Senate reform has been in the news on both sides of the Atlantic recently, with both Ireland and Canada actively debating whether to keep, reform or abolish their respective Upper Houses of Parliament. The debate in Canada was sparked by the Harper government's proposals to reform the Senate, but has been back in the news mainly due to a series of scandals involving Senators. In Ireland, the issue has been pushed to the forefront by the Kenny government's proposal to abolish Seanad Eireann (the Irish Senate), which goes to a national referendum on October 4th. The abolition of the Seanad is part of a larger government programme of constitutional reform, but seems to have garnered public support largely as a cost-saving measure.
As a Canadian with Irish citizenship, I have been following with interest the debate in both countries. Apparently I am not the only one: politicians in Canada are reported to be watching with interest the possible countdown to extinction of the Seanad.
There are a number of obvious similarities between the Canadian Senate and Seanad Eireann. Both are based in the British Parliamentary model of a bicameral Parliament, or one made up of two houses, where the Upper House was meant to act as a check and balance, or a chamber of "sober second thought". However, in both countries, the Senate has too often been used as a convenient place to house political cronies, and both have had their share of political scandal over the years.
There are some obvious differences between the two Senates as well. While Canadian Senators are appointed until age 75, and entirely on the advice of the Prime Minister, the Taoiseach (the Irish Prime Minister) appoints only 11 of the 60 members of the Seanad. Another 6 are elected by graduates of certain Irish universities, and the remaining 43 are elected through a complex panel system by an electorate consisting of TD's (Irish MP's), Senators and local councillors. Irish Senators are elected only until Parliament is dissolved prior to the next general election, so they serve a maximum term of 5 years before seeking re-election.
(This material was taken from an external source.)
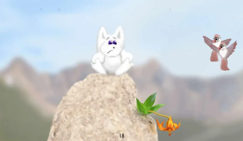 بَعْدَ مُرُورِ بِضعَةِ أَيَّامٍ زَارَتْ الْعَصَافِيرُ الْأَرْنَبَةَ مَرَّةً أُخْرَى، وَهَذِهِ المَرَّة لَاحَظُوا أَنَّهُ لَمْ يَكُنْ لَدَيْهَا أَيَّةُ زَهْرَةٍ عَلَى الإِطْلَاقِ. سَأَلَتْ الْعَصَافِيرُ: أَيْنَ زَهْرَتُكِ؟

The two Senates also differ in terms of powers. While the Seanad can only delay the passage of legislation approved by the Dail (the Irish House of Commons), the Canadian Senate has somewhat more power, having the ability to vote down legislation altogether.
Finally, while Seanad Eireann can be abolished through the support of a simple majority of voters in a national referendum (like other changes to Ireland's constitution), Canada's Senate can only be reformed or abolished with the support of a certain number of Provinces.
Proponents of Senate abolition in Canada are quick to highlight the similarities between the two Houses, and have also been quick to point out that Ireland would join a growing number of countries that have abolished their upper chamber, including New Zealand and some Nordic countries. They further point to the fact that many of the small democracies that emerged post-communism have chosen not to have a second chamber at all. The implication is that Canada should follow this lead, and eliminate the Senate.
However, this analysis misses one vital, fundamental difference between Canada and most countries that have no second chamber. Canada is a geographically large federal state: it was made up of separate colonies who joined together to form one large country, with significant regional differences. It has both a federal and a provincial level of government. Like other large federal countries such as the United States, Australia and Germany, Canada's Senate is meant to provide balanced representation of these different regional interests, and ensure that the voice of smaller regions is not drowned out by larger ones. In fact, equal representation of regions is one of the main reasons the Canadian Senate exists, and one of the reasons smaller provinces were willing to sign on to Confederation in the first place.
Ireland, on the other hand is a relatively small unitary state. It has no state or provincial level of government. And while there are certainly regional differences, they are simply not on the same geographic scale as Canada's. In fact, most, if not all of the countries that Senate abolitionists point to as examples of countries with no second chamber, tend to be small, unitary countries like Ireland. Getting rid of the second chamber might make sense for countries like New Zealand, Estonia or Sweden, which are relatively small and have no state or provincial level of government. However, most large, federal states like Canada have chosen to keep their second chamber.
So while Ireland's experience with the Seanad is interesting to politicos, it's not an example Canadians should blindly follow. As the debate on the future of the Senate continues to unfold in Canada, we need to bear in mind the uniqueness of our own particular situation, and the fact that our reasons for wanting to keep or kill our Senate are likely very different than Ireland's.